Personal information
- Full name: Leigh Brown
- Nickname: The Anvil The Freight Train Big Bad Leroy Brown
- Born: 23 February 1982 (age 44)
- Original team: Gippsland Power (TAC Cup)
- Draft: No. 5, 1999 National Draft, Fremantle No. 73, 2008 National Draft, Collingwood
- Height: 194 cm (6 ft 4 in)
- Weight: 104 kg (229 lb)
- Position: Forward / Ruckman

Playing career^{1}
- Years: Club / Games (Goals)
- 2000–2002: Fremantle / 063 0(20)
- 2003–2008: North Melbourne / 118 0(64)
- 2009–2011: Collingwood / 065 0(54)
- Total:  / 246 (138)
- ^{1} Playing statistics correct to the end of 2011.

Career highlights
- Collingwood premiership player 2010; Rising Star;

= Leigh Brown =

Australian rules footballer (born 1982)

Leigh Brown (born 23 February 1982) is a former Australian rules football player who played for Fremantle, North Melbourne and finally Collingwood in the Australian Football League. He is a Collingwood premiership player. After the 2011 Grand Final Brown retired and was announced as Melbourne's forward coach. He is renowned for his tackling ability as well as his positional versatility.

== Early life ==
Brown is originally from Heyfield and played under 18 football with the Gippsland Power in the TAC Cup where he attracted the attention of talent scouts.
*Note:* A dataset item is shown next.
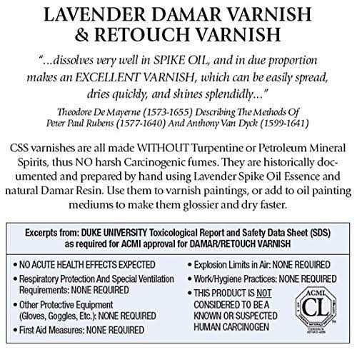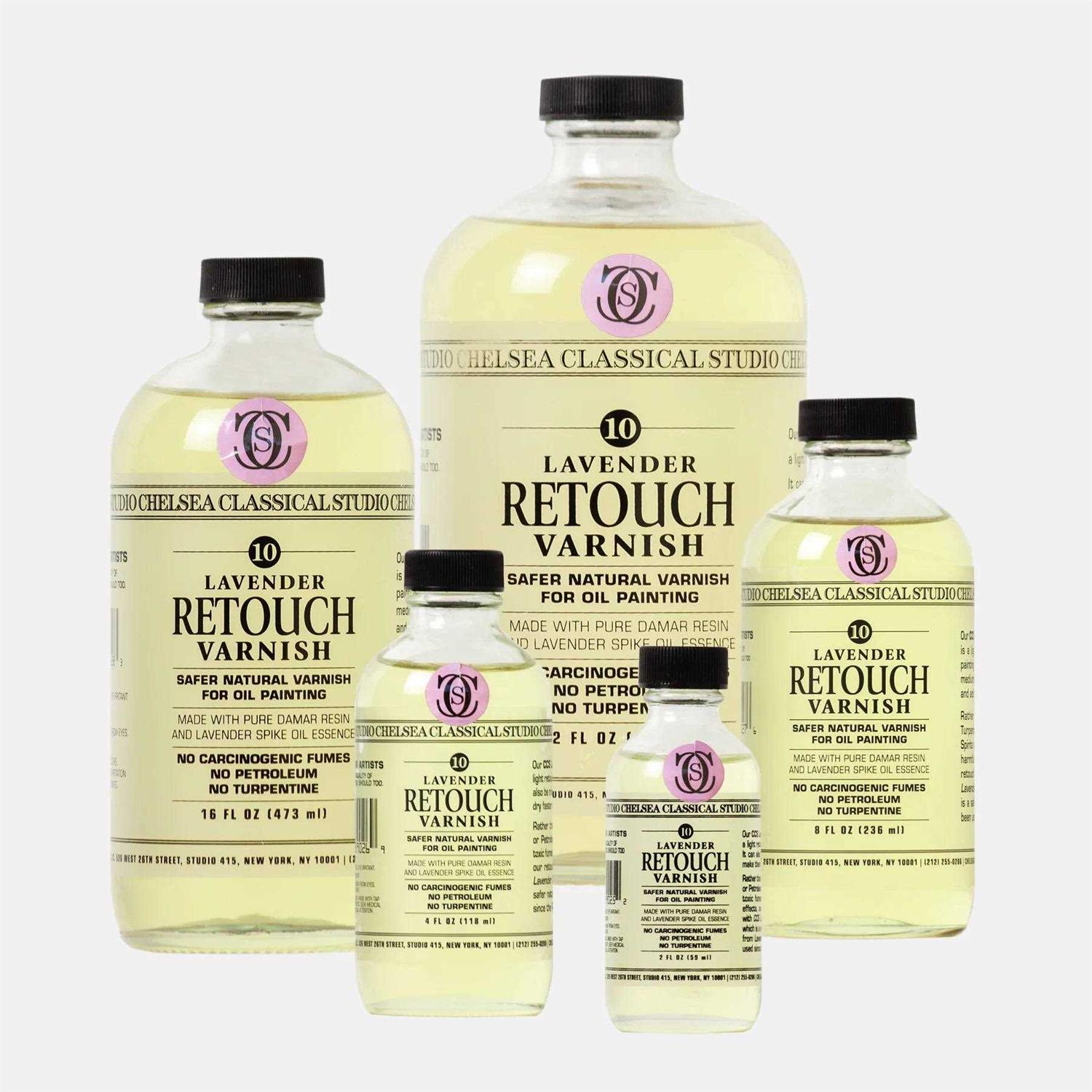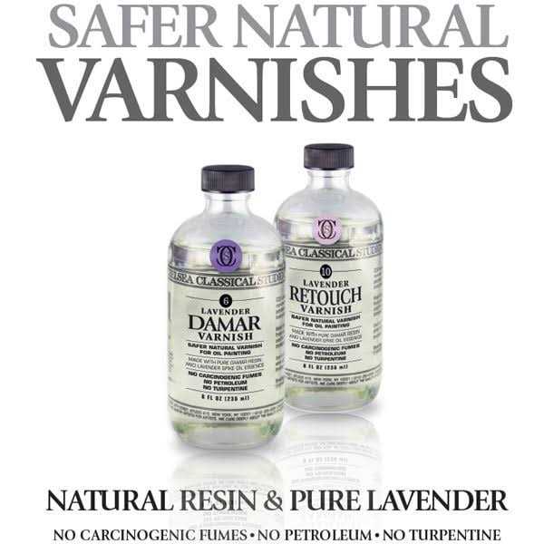 Chelsea Classical Studio brings you a line of safer, natural varnishes for your oil paintings. No harsh chemicals are used in their production — no petroleum, no turpentine, and no dangerous fumes. Made with CCS Lavender Spike Oil Essence, these varnishes feature a distinctive lavender scent. They’re prepared by hand using premium natural materials and formulas based on historic recipes and techniques. Lavender Retouch Varnish offers superior, classic protection for your oil paintings. Made with pure damar resin and CCS Lavender Spike Oil Essence, this varnish allows for both protection and breathability. This product contains Lavender Spike Oil Essence, which is a historically documented solvent used since the Renaissance. It is non-carcinogenic and has a strong herbaceous scent. Use in a well-ventilated area, and it may not be suitable for people who are sensitive to strong scents. Our Painting Varnishes come in glass bottles.

Brown was drafted to the Fremantle Dockers with the fifth selection in the 1999 AFL draft.

== AFL career ==

=== Fremantle ===
He made his AFL debut in 2000, playing 21 out of a possible 22 games in his debut year. He would play a further 21 games in each of the next two seasons and was named Fremantle's Best Clubman in 2001. He played 63 games at Fremantle also kicking 20 goals.

=== North Melbourne ===
Brown moved to the North Melbourne after being traded in 2002 for selection 13, which Fremantle used to draft Byron Schammer. He continued to be solid key position player who could hold his own at both ends of the ground. Prior to 2008, Brown had played in at least 21 matches in every season of his AFL career. Brown was delisted by the Kangaroos at the end of 2008. At North Melbourne Brown played 118 games and booted 64 goals.

=== Collingwood ===
Brown was recruited to Collingwood after the 2008 season with selection 73 in the national draft. He played 23 games for Collingwood in 2009 and kicked 10 goals.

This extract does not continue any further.